Его картина помещена в Люксембургский музей, где, по замыслу устроителей, должны были быть собраны лучшие вещи современных художников. Фантастика! Неслыханный, грандиозный успех. Важно теперь не приостанавливаться ни на минуту — действовать! Первые страницы его дневника буквально заполнены императивными оборотами:

— Надо мало есть за обедом и работать по вечерам одному...

— Надо прочесть «Дафниса и Хлою» — это один из античных сюжетов, который особенно ходок..,

— Надо не упускать из виду аллегории — «Гениальный человек у порога могилы» и «Варварство, пляшущее вокруг костров»...

— Создавать, создавать!

Пришел ли он в мир, чтобы создать нечто новое? Барон Гро назвал его живопись «обносками Рубенса», но он произнес это как будто смущаясь, потому что чувствовал повадку титана, если и было здесь что-либо по-настоящему новое, так этот титанический дух; да и он, разумеется, не был окончательно нов, потому что титаны почти всегда друг на друга похожи — жестом, ритмом, дыханием, этой неукротимой и для других иногда утомительной мощью.

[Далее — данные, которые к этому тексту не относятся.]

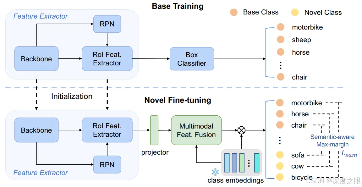 提出了一种基于fine-tuning的框架,利用语义嵌入来提高对新类别的泛化能力。该框架在新的fine-tuning阶段使用语义相似度分类器(SSC)代替线性分类器,并通过计算类别名称嵌入和提议区域特征之间的余弦相似度来产生分类结果。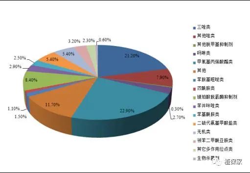 三唑类杀菌剂种类很多,国内推广使用的有20多种,包括:苯醚甲环唑、戊唑醇、丙环唑、三唑酮、腈菌唑、已唑醇、氟硅唑、烯唑醇、氟环唑、三唑醇、四氟醚唑、亚胺唑、戊菌唑、粉唑醇、种菌唑、腈苯唑、灭菌唑、环丙唑醇、丙硫菌唑、叶菌唑、联苯三唑醇共21种,其他的(氟喹唑、硅氟唑、糠菌唑等)暂时没在我国登记。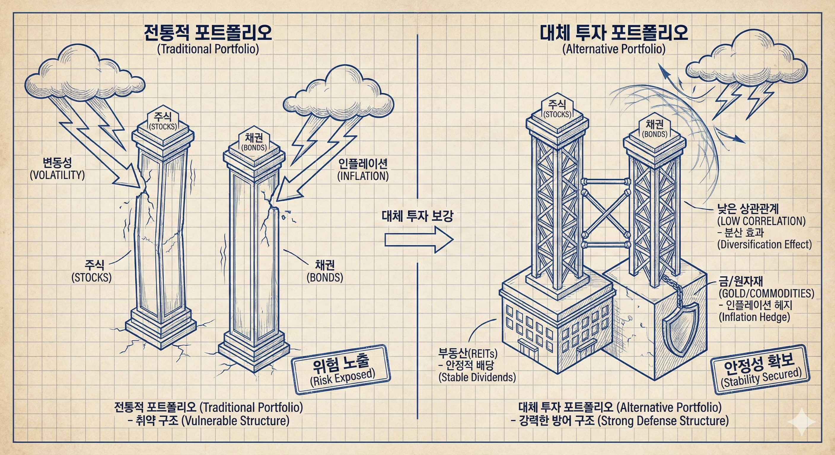 Complication (문제): 주식과 채권이 동시에 하락하는 극심한 시장 위기나, 인플레이션이 급등하는 시기에는 전통적인 포트폴리오만으로는 투자금의 구매력을 방어하기 어렵고, 분산 효과가 크게 감소하여 변동성이 높아지는 문제가 발생합니다.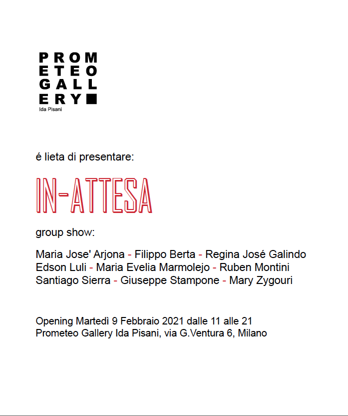 Martedì 9 Febbraio, dalle ore 11.00 alle 21.00, nella sede milanese di Prometeo Gallery Ida Pisani (in via Ventura 6) inaugura In-attesa, mostra collettiva che ripensa la migrazione umana contemporanea attraverso una conversazione tra nove “narratori”: Maria José Arjona, Filippo Berta, Regina José Galindo, Edson Luli, Maria Evelia Marmolejo, Ruben Montini, Santiago Sierra, Giuseppe Stampone e Mary Zygouri.

Нашлись журналисты, которые после появления «Ладьи Данте» прямо обвинили Эжена в плагиате у Рубенса. Что ж, они были правы по-своему. Только гениальность не боится заимствований — она черпает всюду, она хватает, присваивает, выдает за свое, она возникает на, казалось, безнадежно отработанной почве.

Петер-Пауль во фраке и в панталонах со штрипками, Петер-Пауль, запутавшийся в уличной спешке, в неразберихе векселей и процентов, во взаимоотношениях с родственниками, в административных интригах, уже уставший от необходимости быть всегда начеку;

«Каким слабым, уязвимым, открытым со всех сторон для нападения чувствую я себя, находясь среди всех этих людей, которые не скажут ни одного случайного слова и всегда готовы осуществить сказанное на деле!.. Ведь и меня часто принимали за твердого человека! Маска это все. Надо сознаться, я их боюсь, а есть ли что-либо более угнетающее, чем страх?»

Осенью 1823 года, наконец, состоялся процесс, которого мсье Вернинак не дождался. Буакский лес был продан его прежним владельцам, и вырученной суммы не хватило на то, чтобы расплатиться с кредиторами. После раздела имущества между наследниками мадам Делакруа, имущества, которого оказалось так мало, что почти нечего было делить, Эжену достались два старинных сервиза; фарфоровый — Севр — и серебряный. Не мешало еще унаследовать хотя бы буфет, чтобы поставить на виду эти реликвии. Увы!

Он мог надеяться теперь только на живопись Жизнь становилась абсолютно серьезной, и чудовищным образом, постоянно, напоминала о себе смерть.